Many a South African is somewhat scared of this happening, Johan Burger, of the Pretoria-based Institute of Security Studies, said this week.
“One almost wants to ask the question: What will come first? Will crime get out of control first, or will the police get out of control first?”
These options are “equally dangerous”, said Burger. His observations came as the public reeled from the latest police shooting that claimed the life of a three-year-old boy, apparently after his uncle was mistaken for a criminal.
The boy, Atlegang Phalane, died on the scene outside a relative’s house in Klipfontein View Extension 2, northeast of Johannesburg.
Commented senior researcher at the Centre for the Study of Violence and Reconciliation David Bruce: “There is a crisis of control in the Saps (SA Police Service) relating to the use of lethal force.”
Sapa approached several experts in the past few days on sweeping changes envisaged in the way South Africa is policed.
These include plans to turn the current SAPS into a single “super” military-ranked police force with orders not to hesitate to shoot, changes that led former minister Kader Asmal criticising the government for “militarising” the police.
Burger said there was a clear movement from a more “defensive” position on crime, to a more “offensive” one.
The police moved away from a “force-orientated” body in 1994, when it had to democratise and transform, to a more “service-orientated” organisation.
This was necessary at the time as the police’s image was in tatters and it had to win back legitimacy from a violent past.
But the changes impaired the police in effectively fighting crime.
Community Police Forums were set up, where police consult the community in crime fighting to be more accountable to them, instead of the pre-1994 style of using force to keep the law.
This resulted in the pendulum swinging to the side where the police were more focused on “service delivery” than “enforcing the law”.
But this was interpreted by criminals that the police’s hands were tied, and they started to exploit the situation, leading to the high levels of crime today.
“We have to now find a way to balance the two,” says Burger.
“While I understand that changes are needed, you have to warn policemen that the changes should not create the idea that you now can be—or have to be—the policeman that you were prior to 1994.”
One of the changes that fuels fears of excessive use of force by the police the most is a possible amendment of section 49 of the Criminal Procedure Act.
This section gives police the right to use deadly force when arresting a criminal.
Constitutional law expert Pierre de Vos of the University of Cape Town said it was not clear how the government intended to change section 49 yet.
“It (the current section 49) already gives a police officer all the protection that he needs, should he shoot a criminal,” said De Vos.
“I don’t know what they want to change to make it easier for them to shoot someone.”
The proposed changes are hotly defended by Police Minister Nathi Mthethwa, saying that the changes will just make it easier for police to understand their in a situation.
But while the changes are necessary, Bruce cautioned that care should be taken in applying them.

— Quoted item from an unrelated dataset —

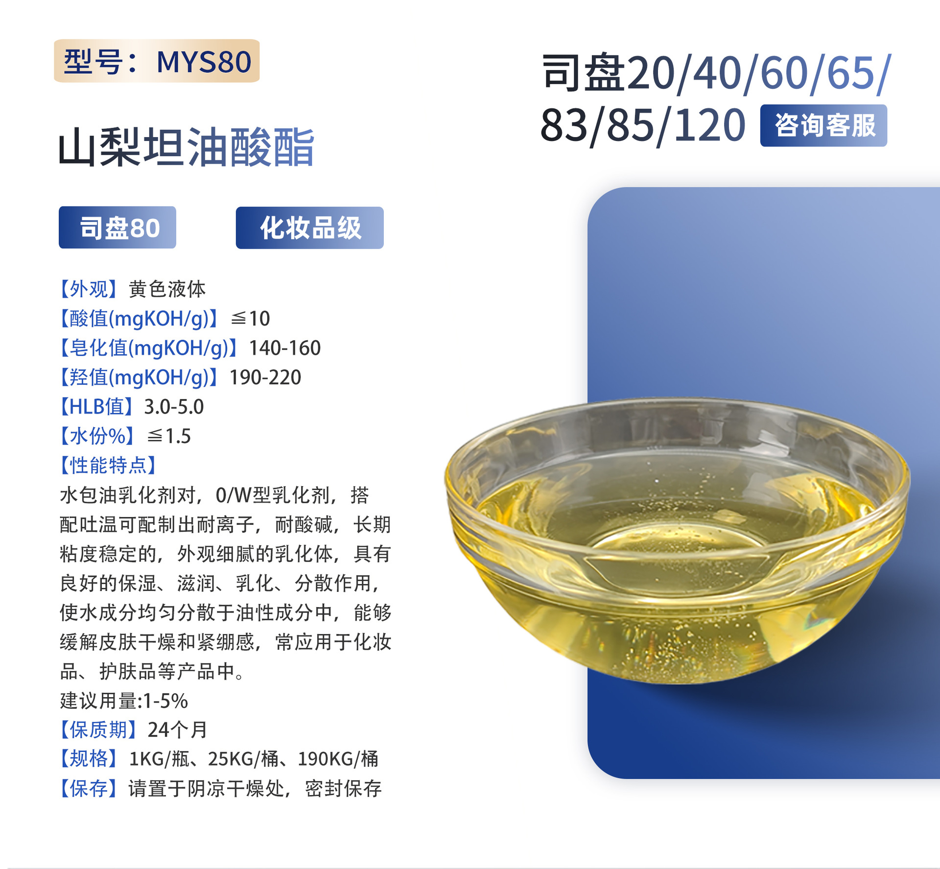 司盤80ソルビタン油酸エステル化粧品級20/28/40/60/65/83/85/120乳化剤
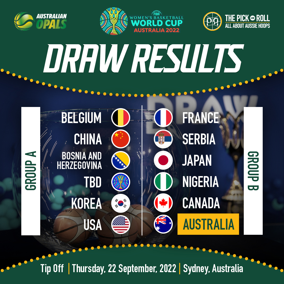 Opals legend Michele Timms had the honour of drawing the teams, leaving Australia with pool opponents of France, Serbia, Japan, Nigeria and Canada in Group B.

“There is a serious problem of violent crime in South Africa and I believe that Saps members need to be provided with the appropriate support to enable them to deal professionally with situations of danger in which they confront violent, and in some cases heavily armed, criminals,” said Bruce.
“However, heated political rhetoric which encourages the reckless or unlawful use of lethal force does not serve to support police officers but rather feeds into confusing them and potentially placing them in legal jeopardy.”
Last week, a court heard a case of a civilian, Kgothatso Ndobe, who was shot dead by the police. He ran away from the police because he was smoking dagga, his family and friends said.
In another incident, two patrons of a tavern in Matsulu outside Nelspruit were killed when police raided it. Patrons started throwing bottles at police when they were asked to be searched and police responded by shooting rubber bullets. Two died after being shot with sharp point ammunition.
The Independent Complaints Directorate is investigating. Professor David Mashiloane, head of the department of Unisa’s police studies, agreed that the problem was not the law itself, but the understanding of the law by police officers.
There were no guarantees that the changing of the legislation would make police officers better understand it.
“The previous one was changed because we thought the police were really going overboard and that was another dimension of understanding,” said Mashiloane.
André Beukes, deputy commissioner of police in the Nelson Mandela-era, said the decision for a police officer to draw his weapon and to shoot, was completely discretionary.